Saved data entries
==*==

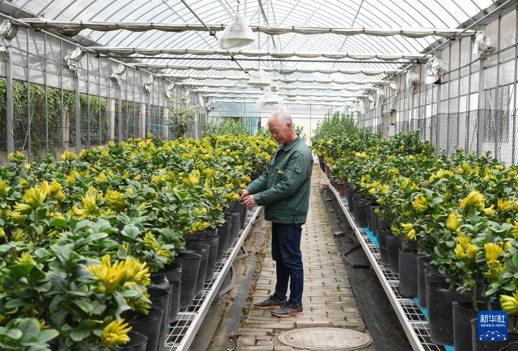 11月11日,在位于婺城区白龙桥镇的一家佛手种植企业,工作人员在整理佛手盆栽。
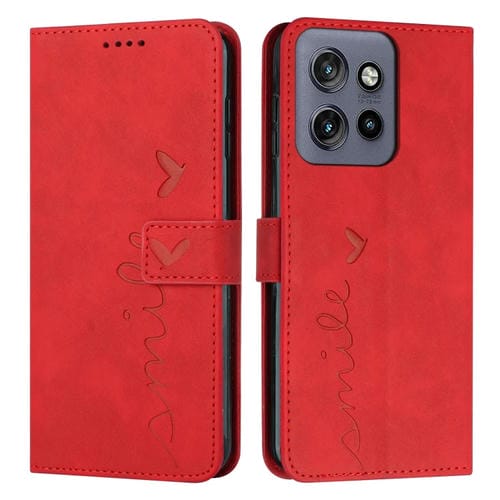 Funda de Piel con Relieve de Corazón para Motorola Edge 50 Neo con Cordón Largo (Rojo)
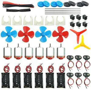 6 Set DC Motors Kit, Mini Electric Hobby Motor 3V -12V 25000 RPM Strong Magnetic with Shaft Propeller, 2 x AA Battery Holder,9V Battery Clip Connector,Plastic Wheels for DIY Science Projects
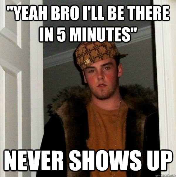 "yeah bro I'll be there in 5 minutes" Never shows up
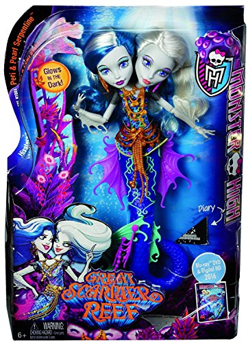 Studio : Mattel Publisher : Mattel Binding : Toy Product Description This new Monster High character is double the trouble -- and the clawesome fun! The two-headed daughter of the Hydra, Peri and Pearl are twin sisters who may have their own minds but not their own bodies. Two heads, a serpentine tail -- that allows doll to stand on her own -- and webbed accents are monsterrific details. Glow-in-the-dark accents are creepy cool. Colors and decorations may vary. 0
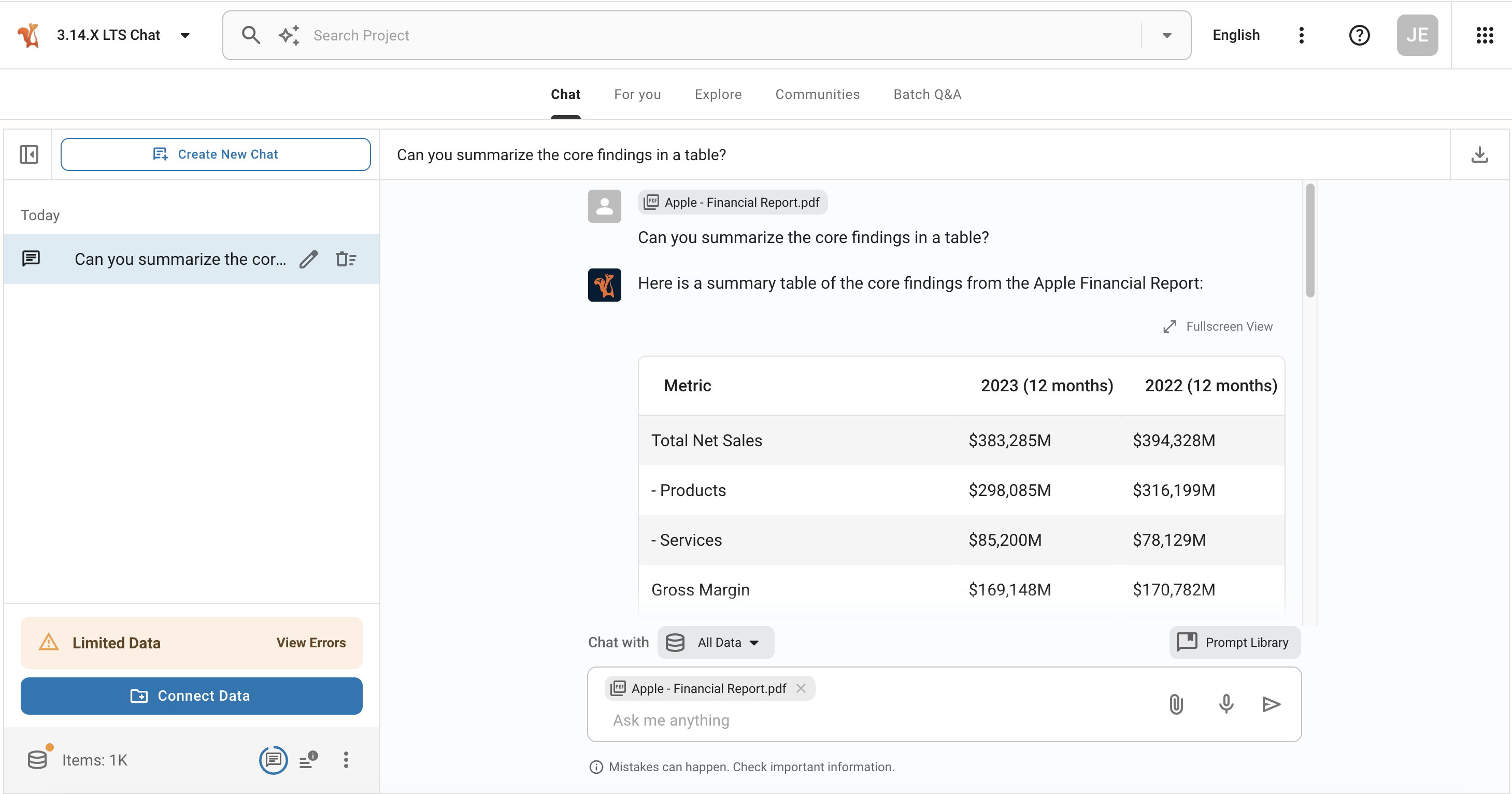 default_toolsof the Chat with Item Agent. During conversation, if information is missing, the paragraph-retriever is selectively triggered to load information on demand.Table Rendering in Chat: Added a nice table renderer to Chat widget tools output for better visualization of structured data.
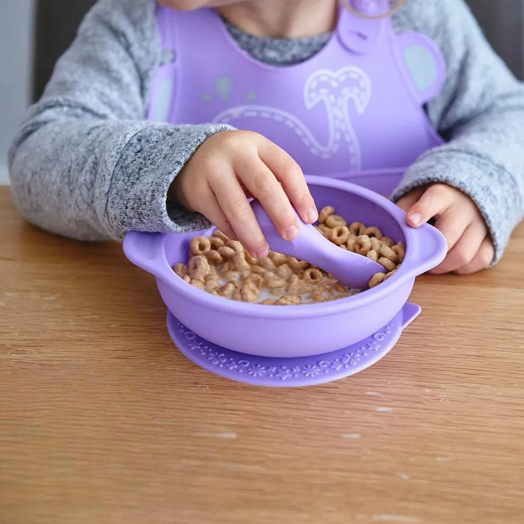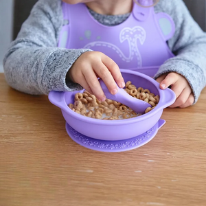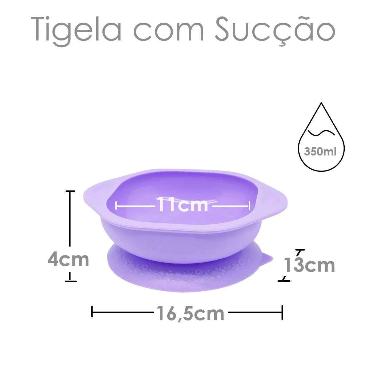 Tigela 100% em silicone, a base de sucção permite segurança à mesa para que seu bebê não consiga remover a tigela ou derramar o seu conteúdo, as guias de liberação facilitam a remoção da tigela pelos pais, pode ser levado ao micro-ondas e lava-louça, seu silicone é resistente, vai ao freezer e suporta o congelamento do alimento.
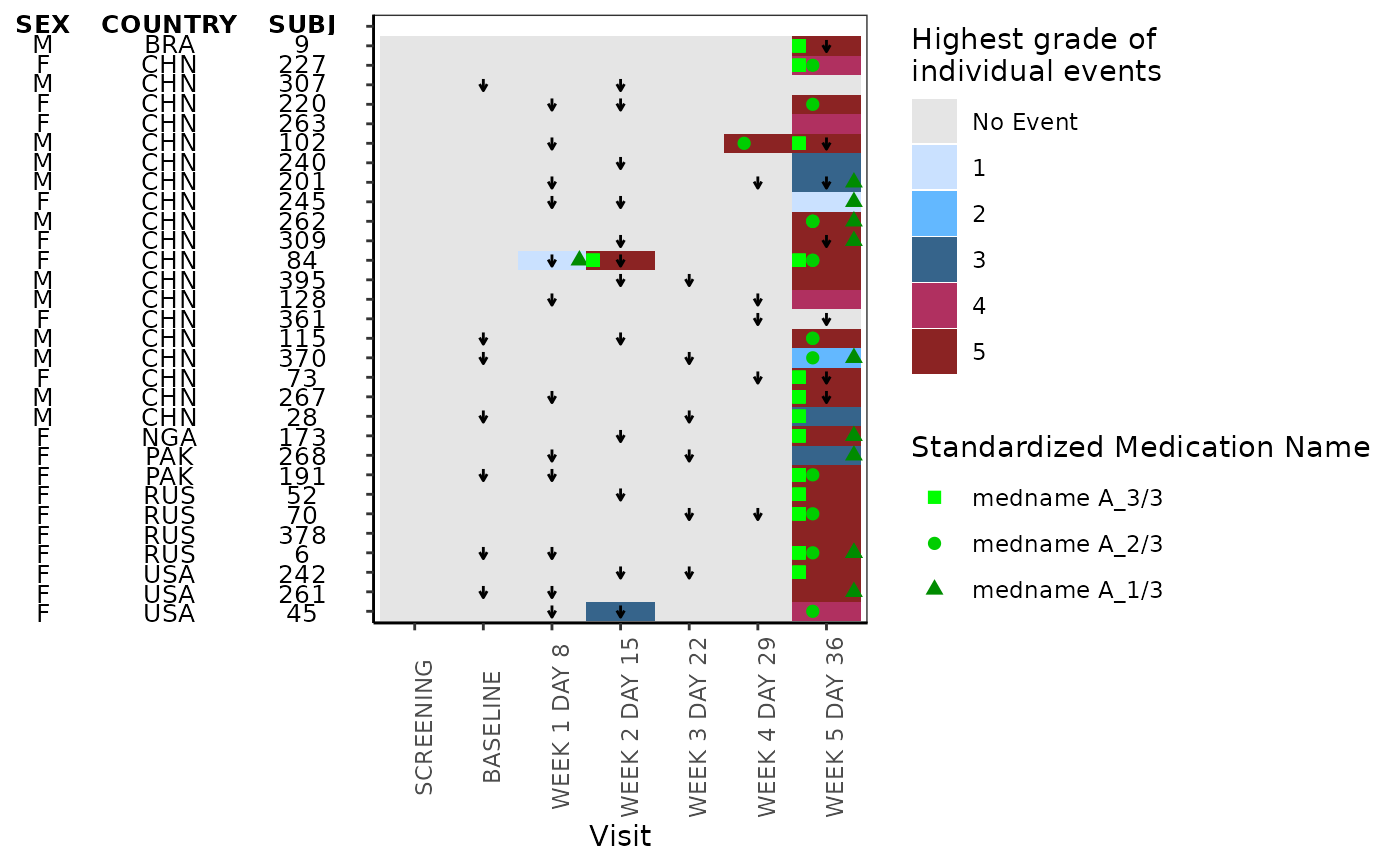concomitant medicine variable name. Must be a column name inconmed_datawhenconmed_datais provided. default isNULL(noconmedplotted)- conmed_color_opt

==*==

[Problem description]: Reprint every record exactly and skip the pictures.

[The answer]:
 11月11日,在位于婺城区白龙桥镇的一家佛手种植企业,工作人员在整理佛手盆栽。
 Funda de Piel con Relieve de Corazón para Motorola Edge 50 Neo con Cordón Largo (Rojo)
 6 Set DC Motors Kit, Mini Electric Hobby Motor 3V -12V 25000 RPM Strong Magnetic with Shaft Propeller, 2 x AA Battery Holder,9V Battery Clip Connector,Plastic Wheels for DIY Science Projects
 "yeah bro I'll be there in 5 minutes" Never shows up
 Studio : Mattel Publisher : Mattel Binding : Toy Product Description This new Monster High character is double the trouble -- and the clawesome fun! The two-headed daughter of the Hydra, Peri and Pearl are twin sisters who may have their own minds but not their own bodies. Two heads, a serpentine tail -- that allows doll to stand on her own -- and webbed accents are monsterrific details. Glow-in-the-dark accents are creepy cool. Colors and decorations may vary. 0
 default_toolsof the Chat with Item Agent. During conversation, if information is missing, the paragraph-retriever is selectively triggered to load information on demand.Table Rendering in Chat: Added a nice table renderer to Chat widget tools output for better visualization of structured data.
 Tigela 100% em silicone, a base de sucção permite segurança à mesa para que seu bebê não consiga remover a tigela ou derramar o seu conteúdo, as guias de liberação facilitam a remoção da tigela pelos pais, pode ser levado ao micro-ondas e lava-louça, seu silicone é resistente, vai ao freezer e suporta o congelamento do alimento.
concomitant medicine variable name. Must be a column name inconmed_datawhenconmed_datais provided. default isNULL(noconmedplotted)- conmed_color_opt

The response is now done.